Matrix plans have been subjected to attacks by regulatory agencies because they sometimes look like "a game." By and large, they have not had a successful record in the industry, and they foster nonproducers, which makes the upline distributors resentful. Nevertheless, several major companies operate matrix plans. Only time will tell whether these plans are here to stay.
The binary plan is the newest on the scene. In a binary plan, a distributor is allowed to occupy one or more "business centers," each limited to two downline legs. Compensation is paid on group volume of the downline legs rather than a percentage of sales of multiple levels of distributors. In other words, payment is volume driven rather than level driven. Sales volume must be balanced in the two legs to be eligible for commissions, which are paid at designated points when target levels of group sales are achieved. The distributor may occupy multiple positions and may re-enter or loop below other two leg matrices in which he or she has been active.
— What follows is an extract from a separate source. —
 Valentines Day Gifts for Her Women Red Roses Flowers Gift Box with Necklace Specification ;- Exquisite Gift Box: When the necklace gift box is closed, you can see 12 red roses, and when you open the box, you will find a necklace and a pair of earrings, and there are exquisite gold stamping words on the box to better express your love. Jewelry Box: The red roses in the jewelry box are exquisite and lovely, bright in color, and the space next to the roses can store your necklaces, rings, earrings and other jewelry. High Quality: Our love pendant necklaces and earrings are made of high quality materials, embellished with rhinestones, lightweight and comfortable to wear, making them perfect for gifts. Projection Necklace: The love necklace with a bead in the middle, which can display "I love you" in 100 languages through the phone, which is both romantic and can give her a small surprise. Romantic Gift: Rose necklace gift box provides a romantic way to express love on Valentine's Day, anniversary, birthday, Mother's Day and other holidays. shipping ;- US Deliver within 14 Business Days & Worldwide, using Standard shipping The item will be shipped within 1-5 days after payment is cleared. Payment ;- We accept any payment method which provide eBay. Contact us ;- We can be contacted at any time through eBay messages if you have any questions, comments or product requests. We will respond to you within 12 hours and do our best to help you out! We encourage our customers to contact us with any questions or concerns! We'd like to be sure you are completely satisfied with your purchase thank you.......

There is no depth limit on payment but each matrix has a finite amount that can be paid out, thus necessitating involvement in multiple two leg matrices. Payment in binaries is often on a weekly basis.
Proponents of binaries cite several advantages. First, they like the weekly payout. Since it is a series of two leg matrices, it is simple to explain. Group cooperation is promoted because payout is on group volume and requires balancing of volume in each leg to be eligible for payout. Some call it more democratic because of the limitation on payout in each matrix, the unlimited depth of payout, and the allowance of looping or re-entry.
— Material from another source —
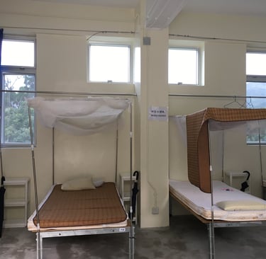 一路上轉車換船終於抵達山腳,然後還要冒雨拖著行李,走一段晴天時只需十五分鐘、雨天卻顯得格外漫長的路。還未開始修行,身體先經歷了一場試煉。狼狽地抵達中心後,連沖身乾衣的時間也沒有,便匆匆跟著大隊走進禪堂,盤腿坐下,開始第一課的靜坐。

On the other hand, the binary is the most controversial of plans. The binary had its unfortunate origins in the early 1990s in fraudulent gold coin programs, and its use later for other questionable products did not help. Those subsequent products were generally high-ticket one-time purchases such as consumer service or travel memberships, travel certificates or overpriced prepaid phone cards. By the end of the 1990s, and after many legal challenges, the binary was not in great favor, and only companies like USANA, that had applied the concept to consumables, seemed to be around.
Critics charged that the implementation of binary plans brought on legal and business problems. Companies and distributors tended to promote the plan rather than the product, creating accusations of a "money game." Often plans had a one-time sale requirement which created a something-for-nothing atmosphere and appearance of payment for headhunting recruitment. The multiple business center approach was often presented as a "purchase of a business center," an "investment," or a "front-load" of product. The ability to stack personal business centers also created the possibility of front-loading. The required balancing of sales volume between legs meant that hard work might yield no payoff and income would be forfeited, because personal production did not count if balanced sales volume did not occur. Finally, the multiple re-entry or looping created a "game-like" atmosphere in which an individual could end up in the downline of someone he or she had sponsored. For the distributor looking long term at a distributorship that might be sold, this "looping" also made it virtually impossible to place a value on a distributorship because no continuous downline genealogy could exist.